╭──

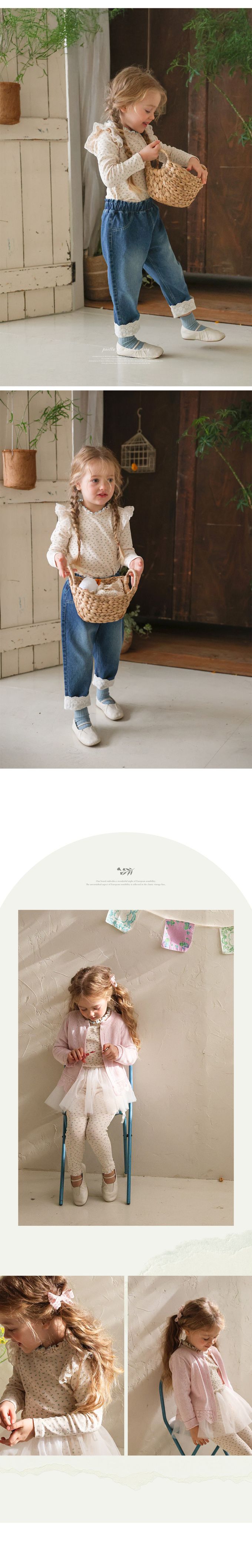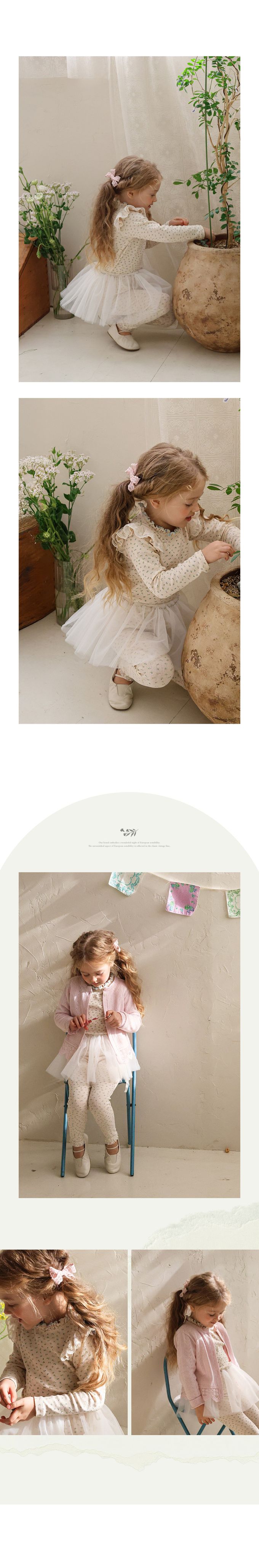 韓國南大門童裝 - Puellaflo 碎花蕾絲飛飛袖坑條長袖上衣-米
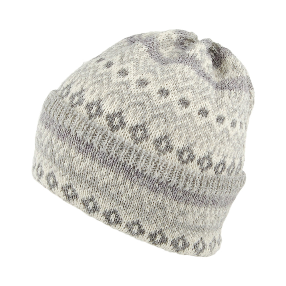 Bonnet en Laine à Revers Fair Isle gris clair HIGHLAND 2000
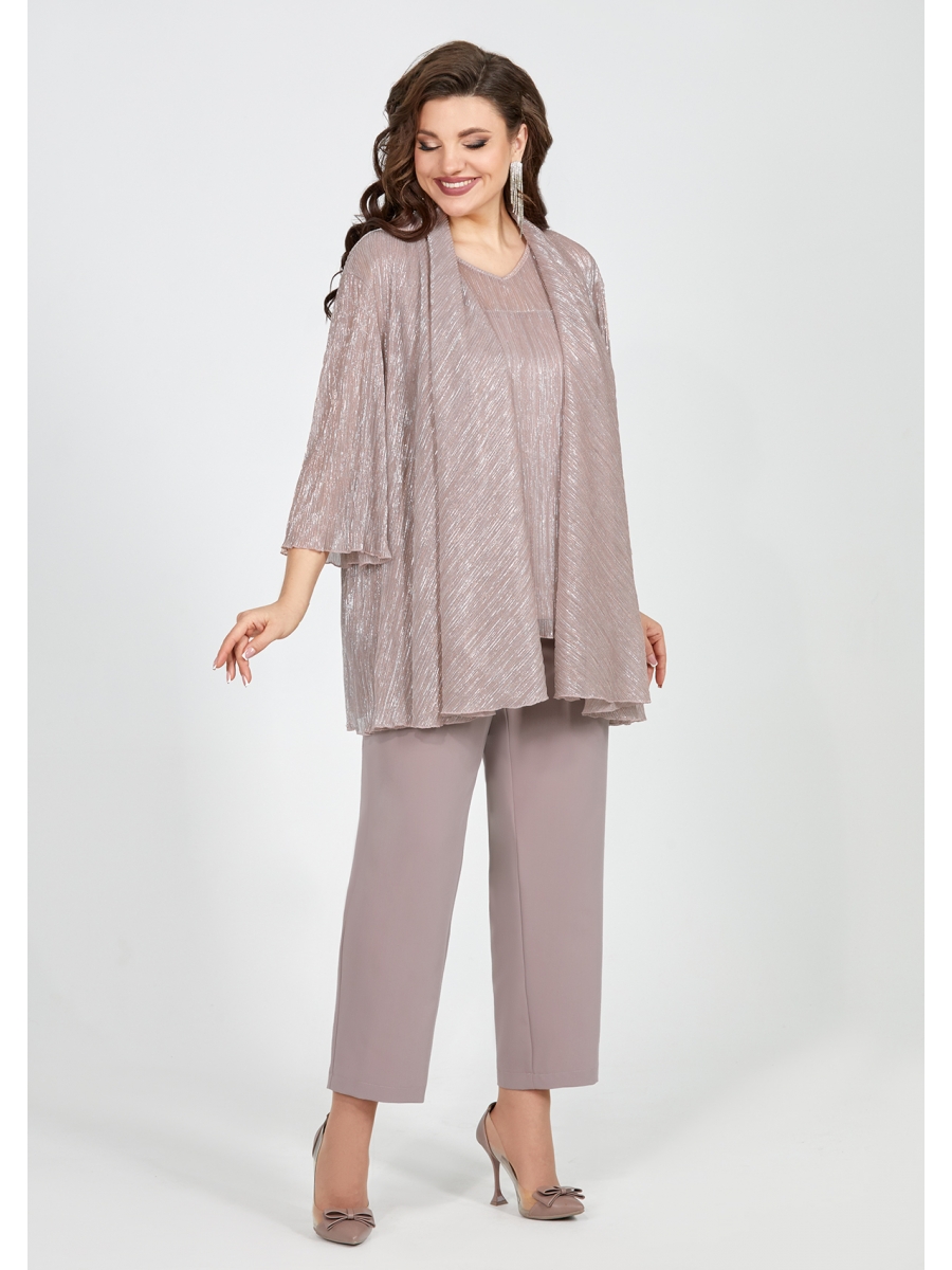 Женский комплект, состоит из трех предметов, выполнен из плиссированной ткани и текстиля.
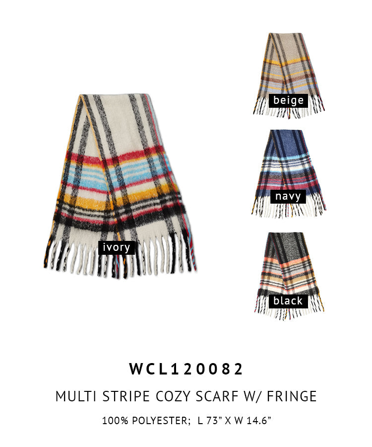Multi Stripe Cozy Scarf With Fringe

╰──

Output the material above exactly, without pictures.

 韓國南大門童裝 - Puellaflo 碎花蕾絲飛飛袖坑條長袖上衣-米
 Bonnet en Laine à Revers Fair Isle gris clair HIGHLAND 2000
 Женский комплект, состоит из трех предметов, выполнен из плиссированной ткани и текстиля.
Multi Stripe Cozy Scarf With Fringe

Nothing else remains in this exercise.